[DATA PROVIDED — start]

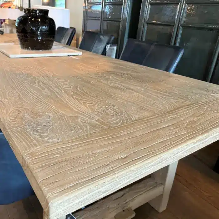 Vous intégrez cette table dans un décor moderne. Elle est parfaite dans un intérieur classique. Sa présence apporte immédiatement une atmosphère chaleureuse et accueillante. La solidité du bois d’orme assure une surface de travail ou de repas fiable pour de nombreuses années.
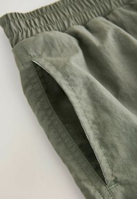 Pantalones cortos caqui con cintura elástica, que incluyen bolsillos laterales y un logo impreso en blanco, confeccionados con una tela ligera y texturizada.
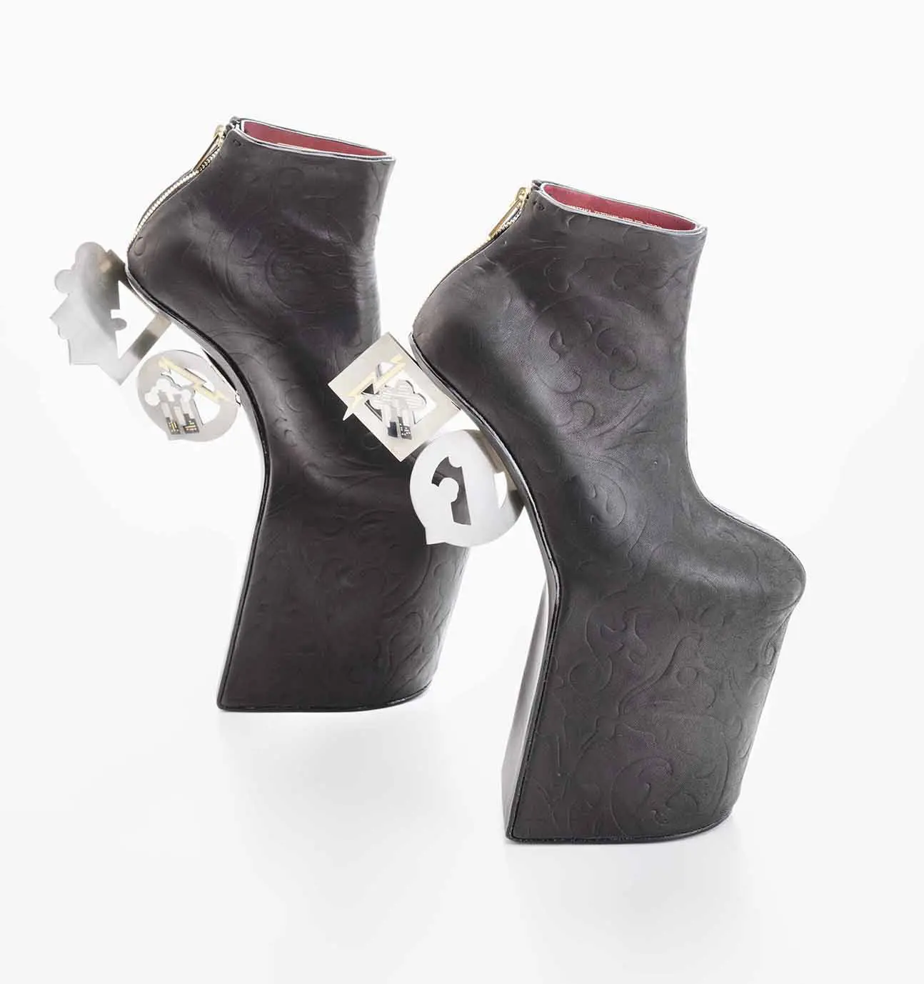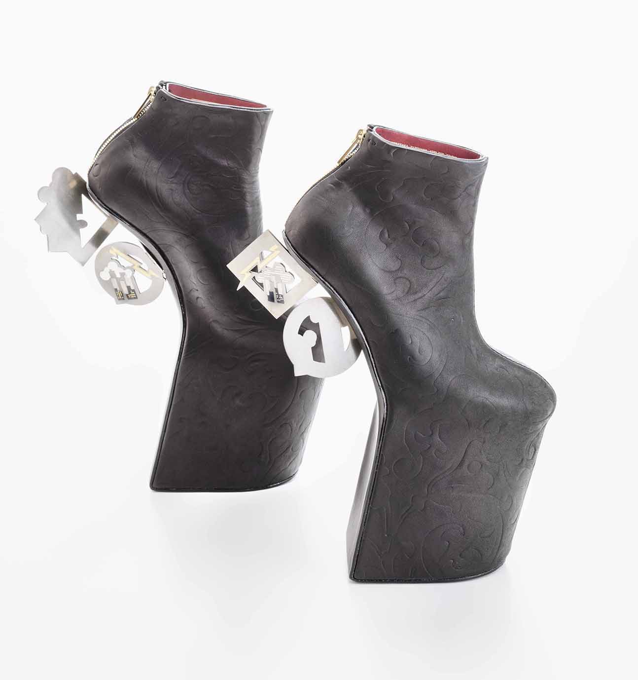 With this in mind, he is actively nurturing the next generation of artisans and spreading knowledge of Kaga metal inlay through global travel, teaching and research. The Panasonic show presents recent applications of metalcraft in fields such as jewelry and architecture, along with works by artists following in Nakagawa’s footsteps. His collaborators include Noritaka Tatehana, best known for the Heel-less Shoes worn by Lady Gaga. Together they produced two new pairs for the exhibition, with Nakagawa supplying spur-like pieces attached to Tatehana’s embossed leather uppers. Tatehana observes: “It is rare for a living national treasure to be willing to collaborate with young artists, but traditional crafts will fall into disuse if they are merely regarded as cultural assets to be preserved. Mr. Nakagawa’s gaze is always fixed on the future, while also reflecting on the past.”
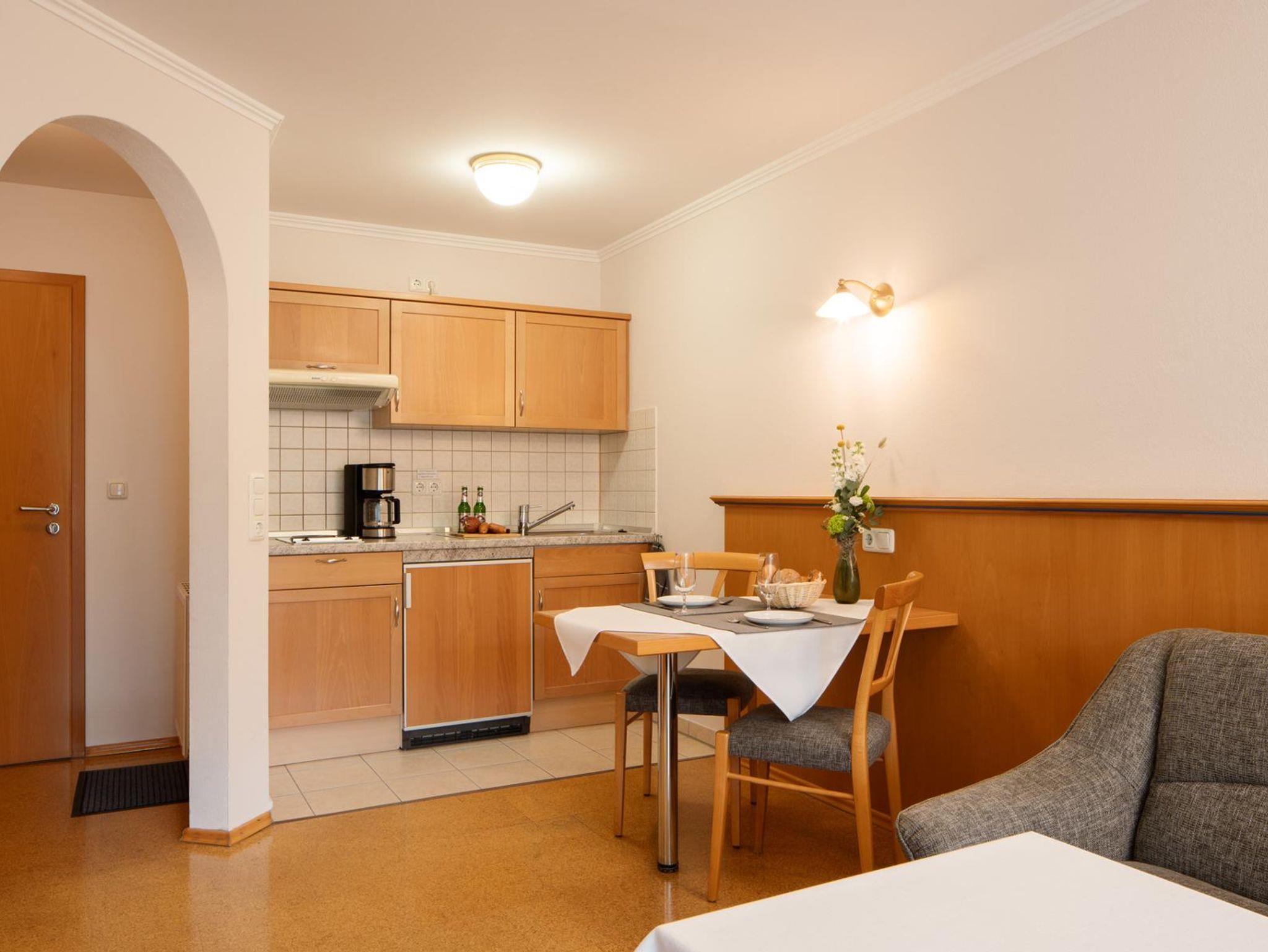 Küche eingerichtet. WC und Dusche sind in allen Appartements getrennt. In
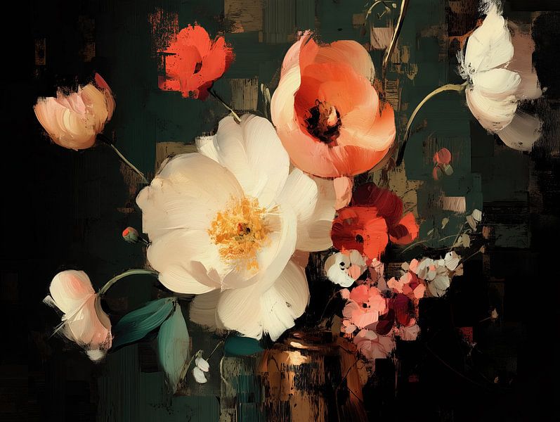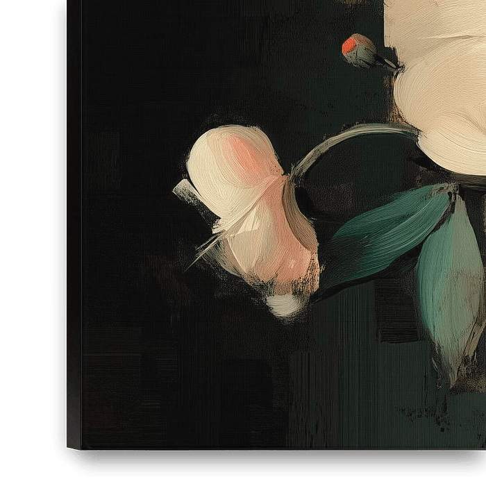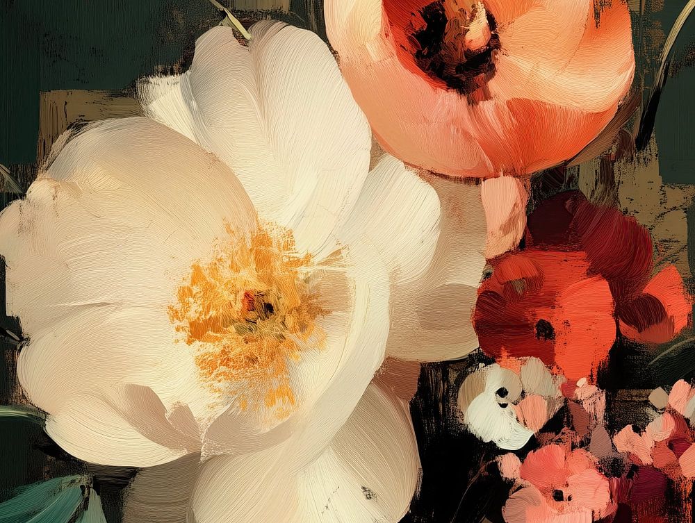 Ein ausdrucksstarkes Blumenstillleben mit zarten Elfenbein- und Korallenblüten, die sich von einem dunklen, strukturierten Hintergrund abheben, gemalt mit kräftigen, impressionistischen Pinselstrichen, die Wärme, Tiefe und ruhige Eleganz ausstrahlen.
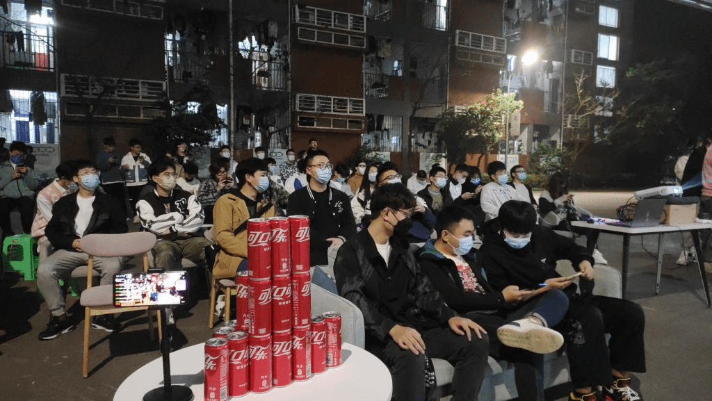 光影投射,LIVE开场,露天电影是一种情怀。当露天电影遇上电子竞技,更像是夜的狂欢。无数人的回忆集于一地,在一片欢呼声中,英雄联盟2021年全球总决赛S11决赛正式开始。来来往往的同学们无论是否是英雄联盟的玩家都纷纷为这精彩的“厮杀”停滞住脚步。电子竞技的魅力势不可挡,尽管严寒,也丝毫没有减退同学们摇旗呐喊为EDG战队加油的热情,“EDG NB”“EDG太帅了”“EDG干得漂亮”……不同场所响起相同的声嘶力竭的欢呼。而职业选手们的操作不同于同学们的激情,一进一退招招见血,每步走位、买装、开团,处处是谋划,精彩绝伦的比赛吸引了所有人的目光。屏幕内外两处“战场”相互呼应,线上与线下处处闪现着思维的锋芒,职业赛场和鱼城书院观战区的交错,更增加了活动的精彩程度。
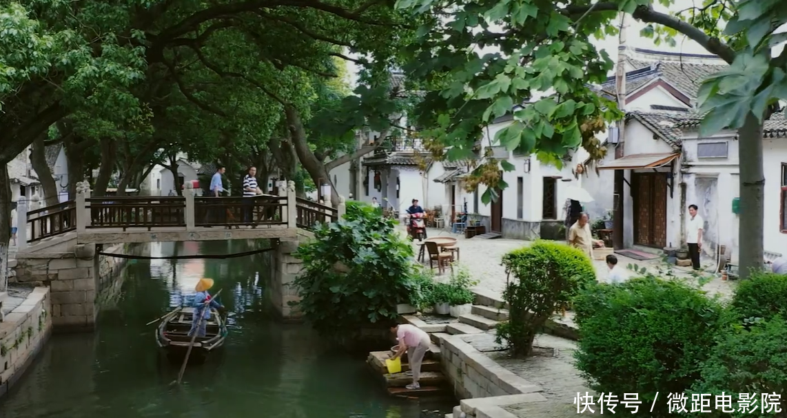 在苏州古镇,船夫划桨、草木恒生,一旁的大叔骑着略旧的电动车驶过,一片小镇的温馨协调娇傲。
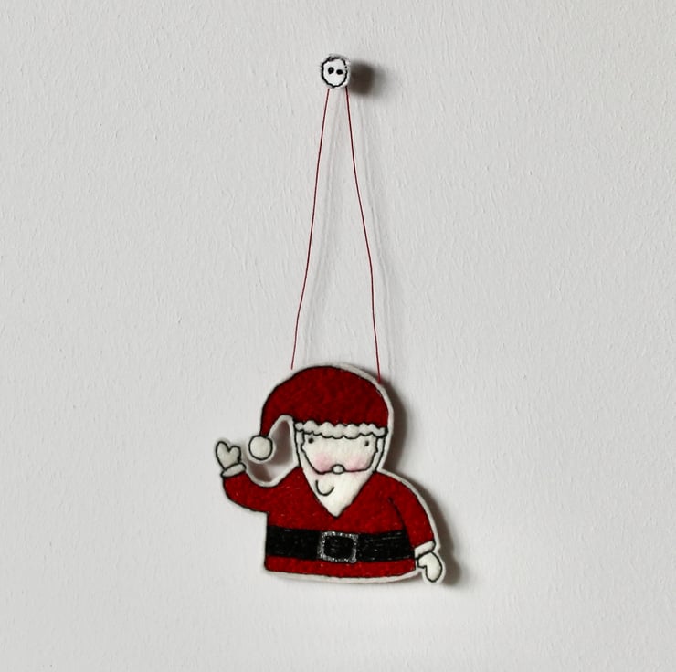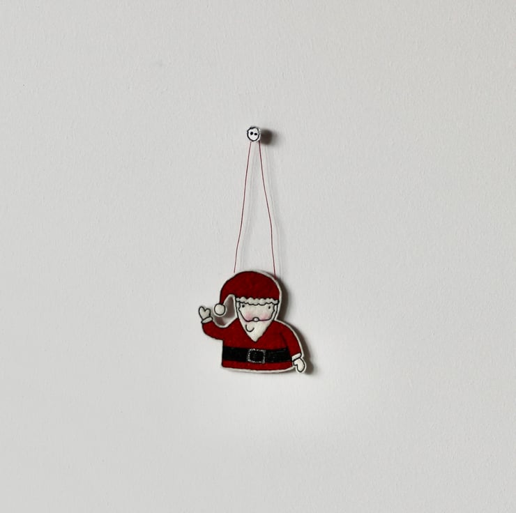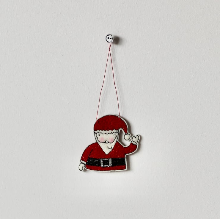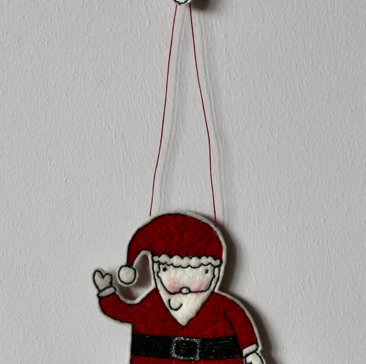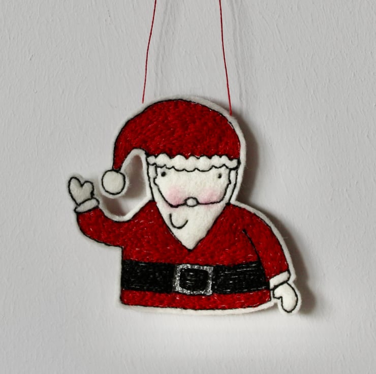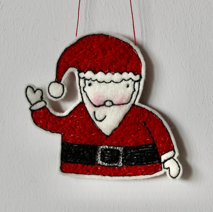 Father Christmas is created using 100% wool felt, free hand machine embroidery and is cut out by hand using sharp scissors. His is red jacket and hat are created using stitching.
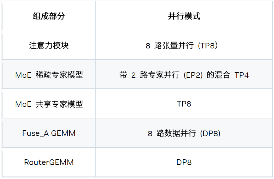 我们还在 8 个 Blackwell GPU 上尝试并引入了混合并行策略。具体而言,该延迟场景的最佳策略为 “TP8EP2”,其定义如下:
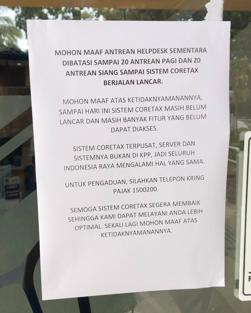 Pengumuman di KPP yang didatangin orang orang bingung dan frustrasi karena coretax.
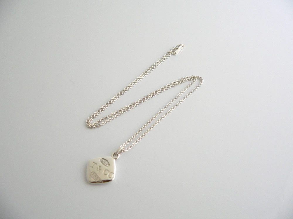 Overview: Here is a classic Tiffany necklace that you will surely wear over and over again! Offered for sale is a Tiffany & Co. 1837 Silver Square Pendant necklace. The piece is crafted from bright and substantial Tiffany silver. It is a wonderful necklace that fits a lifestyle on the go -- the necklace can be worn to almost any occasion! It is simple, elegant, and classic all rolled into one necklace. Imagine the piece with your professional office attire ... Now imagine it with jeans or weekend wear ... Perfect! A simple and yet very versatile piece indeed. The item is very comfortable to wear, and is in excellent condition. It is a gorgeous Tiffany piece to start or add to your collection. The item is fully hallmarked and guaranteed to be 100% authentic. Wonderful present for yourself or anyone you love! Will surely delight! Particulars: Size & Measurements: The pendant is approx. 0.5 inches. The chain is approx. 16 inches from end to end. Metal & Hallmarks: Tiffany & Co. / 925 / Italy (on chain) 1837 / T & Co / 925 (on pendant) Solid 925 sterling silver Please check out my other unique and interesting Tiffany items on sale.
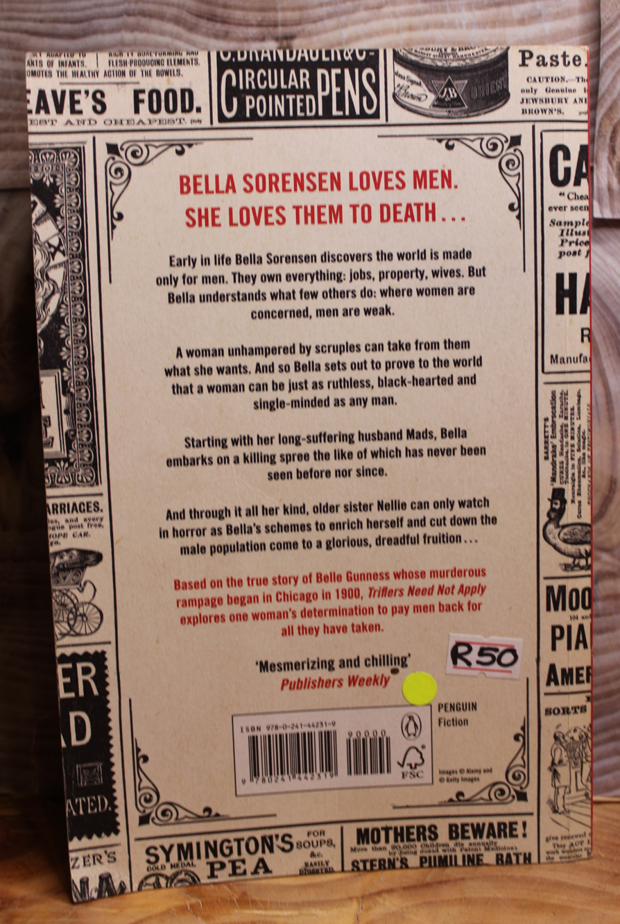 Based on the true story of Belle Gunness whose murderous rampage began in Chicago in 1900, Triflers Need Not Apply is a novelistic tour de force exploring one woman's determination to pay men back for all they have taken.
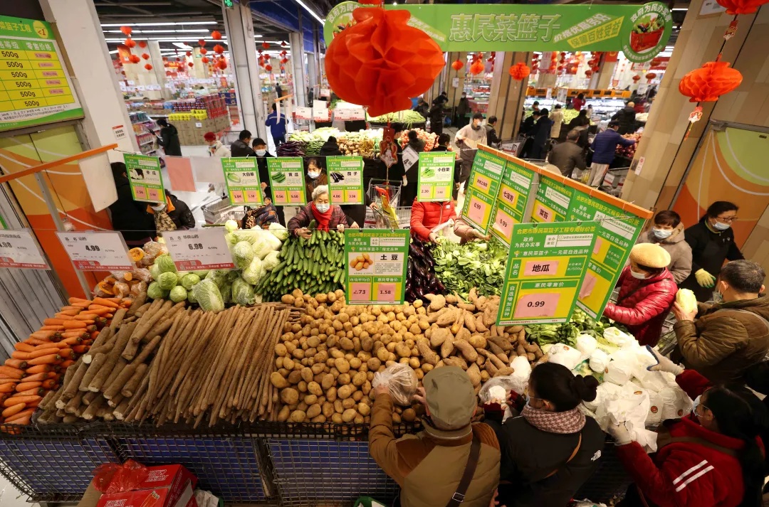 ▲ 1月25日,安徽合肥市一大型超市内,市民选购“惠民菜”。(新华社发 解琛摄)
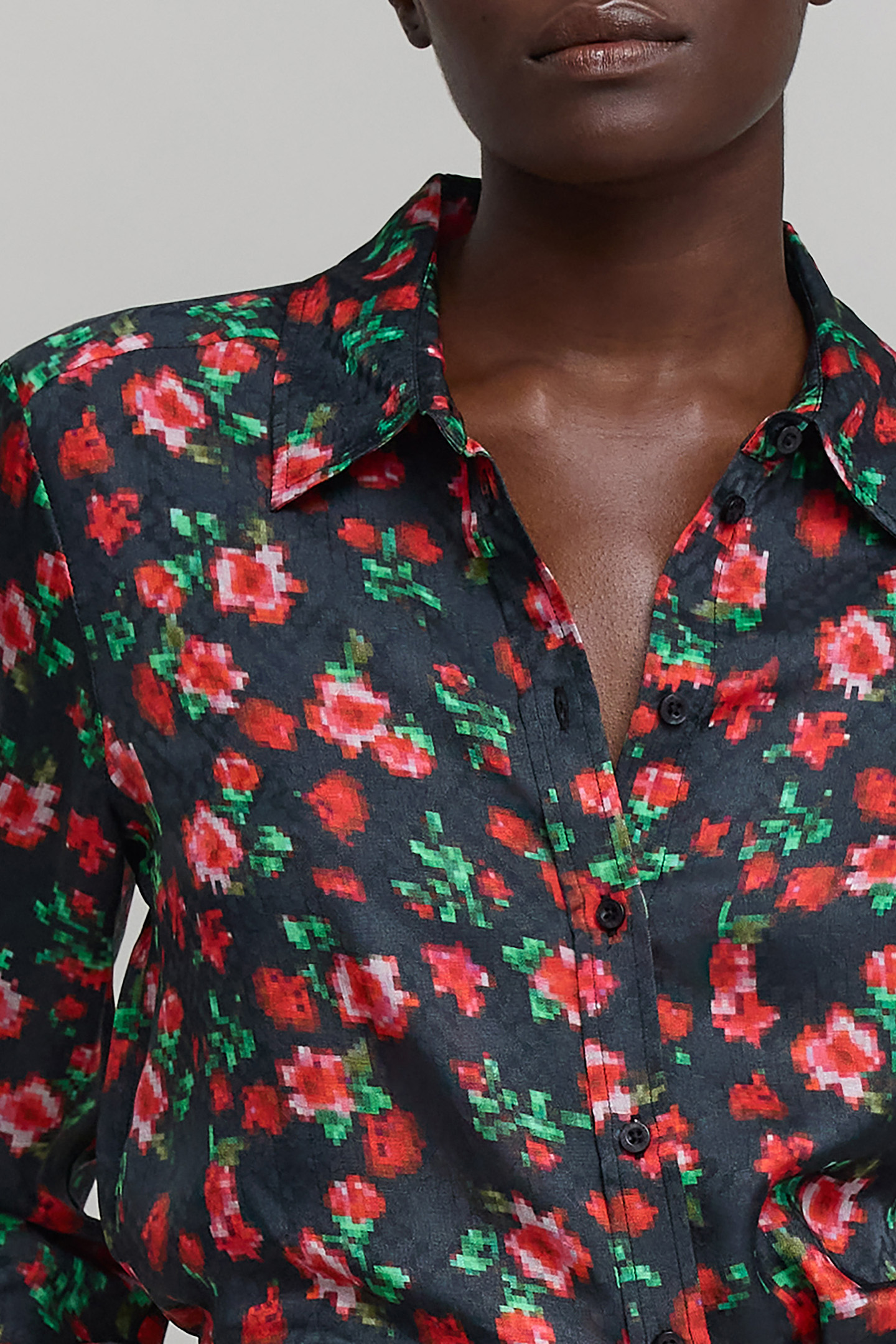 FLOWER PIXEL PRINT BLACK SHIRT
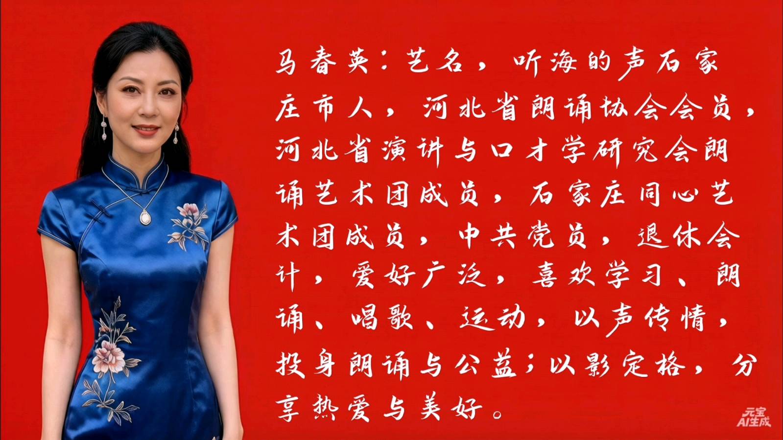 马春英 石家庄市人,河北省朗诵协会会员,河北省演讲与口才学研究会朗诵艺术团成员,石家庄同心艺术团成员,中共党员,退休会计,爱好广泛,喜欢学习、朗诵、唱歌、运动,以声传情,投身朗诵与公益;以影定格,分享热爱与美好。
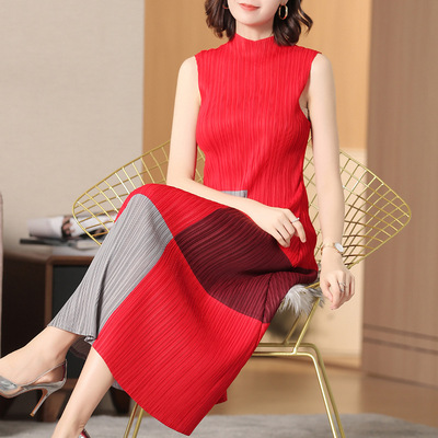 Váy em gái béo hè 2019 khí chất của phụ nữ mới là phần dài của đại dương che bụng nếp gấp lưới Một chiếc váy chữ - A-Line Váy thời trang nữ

[DATA PROVIDED — finish]

All that should appear in the answer is the lines above from the line with "Father Christmas is" through the line with "Pengumuman di KPP", retyped exactly, pictures left out.

 Father Christmas is created using 100% wool felt, free hand machine embroidery and is cut out by hand using sharp scissors. His is red jacket and hat are created using stitching.
 我们还在 8 个 Blackwell GPU 上尝试并引入了混合并行策略。具体而言,该延迟场景的最佳策略为 “TP8EP2”,其定义如下:
 Pengumuman di KPP yang didatangin orang orang bingung dan frustrasi karena coretax.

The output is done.